Thursday, October 1, 2020
No, The Next Debate Moderator Should Not Be A Teacher
Within ten minutes, the comments started, and they haven’t stopped since.
This is why kindergarten teachers should be paid a million dollars. Next time, pick a middle school teacher—they know how to handle this. It was like watching squabbling children. Referring to Trump as “President Manbaby.”
The comparisons are unfair to teachers and children both, and while I know we’ve all got a few things on our minds, it’s worth taking a moment to think about why the comparisons are unfair.
There are teacher skills that apply here. For instance, when chaos envelopes a classroom seemingly involving every student there, a good teacher knows who the instigator was. That’s where you direct your energy for rebuilding focus—at the source of the disorder.
But there's a picture of teaching implicit in all these jokes that is inaccurate and really kind of insulting--that a teacher's job is to stand in a room and sternly, even forcefully, crushing students into compliance. That's not the job, and hasn't been for quite a while. Yes, teachers have to learn how to exercise some sort of authority, but in this century, that involves earning trust and building relationships. In short, some of these japes imply an idea of teaching as the exercise of some sort of authoritarian, even dictatorial control over others. That's a bad picture of teaching and it's not particularly useful on the debate stage, either.
What I really object to is the comparison, both direct and implied, of these geriatric candidates as children.
Because children are, mostly, trying to do the right thing. They are trying to find a way to be themselves in a world they are still trying to make sense. They start out with little control over the storms that rage inside them. One of the basic SEL roles of teachers is to provide external moderation while slowly helping students learning how to provide their own internal moderation.

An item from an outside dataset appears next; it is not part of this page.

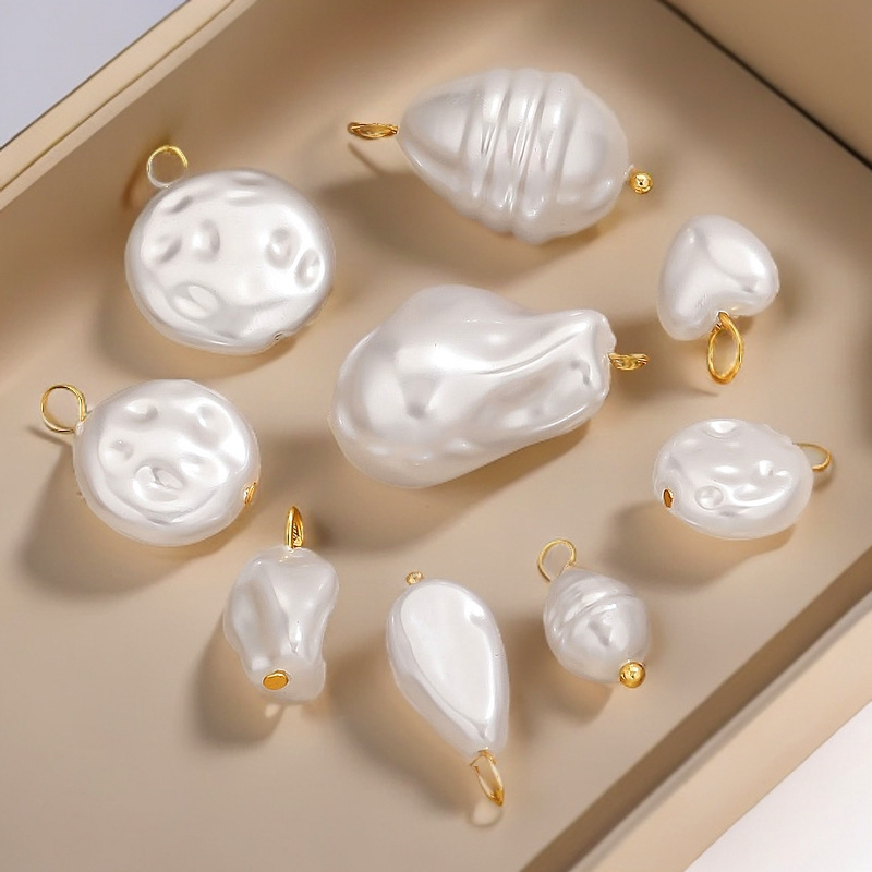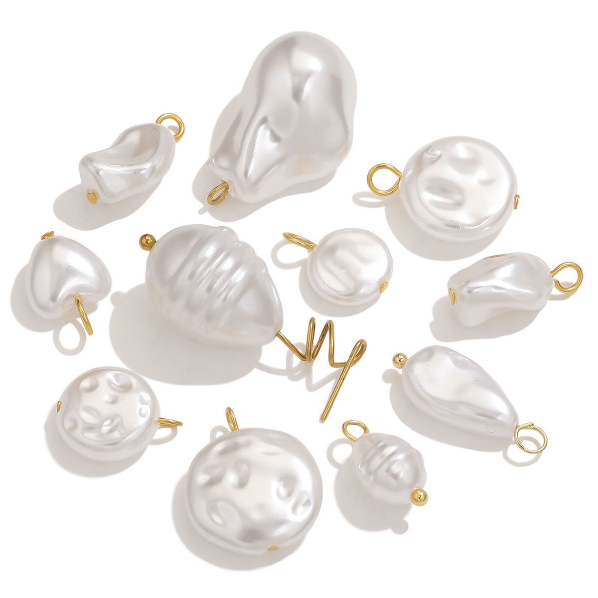 Plastic Vedhæng, 304 rustfrit stål, med Plastic Pearl, forgyldt, du kan DIY & forskellige stilarter for valg, hvid, 20pc'er/Bag, Solgt af Bag

Even my most challenging late teen students (I'm thinking here, for example, of the student who entered my class and threatened to beat the crap out of me) were looking for a way to do the right thing and be their best selves.
Sure, not all teacher get this (hell, a third of union members voted for Trump--another reason a teacher might be a bad choice for the next debate's moderator).
So to call Trump President Manbaby is an insult to babies, because he's a grown-ass man who knows what he's doing, and who is perfectly capable of doing better, but just doesn't want to. He's not a child, and he's not acting like a child--he's acting like a man who has made toxic choices his whole life because he has rejected other ways of being in the world.
Put another way, I have never taught a student who did not, on some level, want to get their shit together. Trump is certain that he has his shit together, that he he, in fact, is the only guy in the room who does. Donald Trump is 74 years old.
The "put a teacher in charge" meme is, I suspect, a way of saying "I want Trump to face the strongest authority figure I can think of," which, for most folks, is the teachers we knew when we were kids (our parents, too, except then we grew up and discovered they were human beings, and that mostly didn't happen with our teachers).
But Trump has long since figured out what Thomas Jefferson and a few other guys figured out, and what most classrooms full of students instinctively understand--other people only have as much authority over you as you give them, or they can take by force. He's not a child, and there's no rule or authority figure he can't ignore. But in the meantime, it demeans children and teachers to drag them figuratively into this dumpster debate.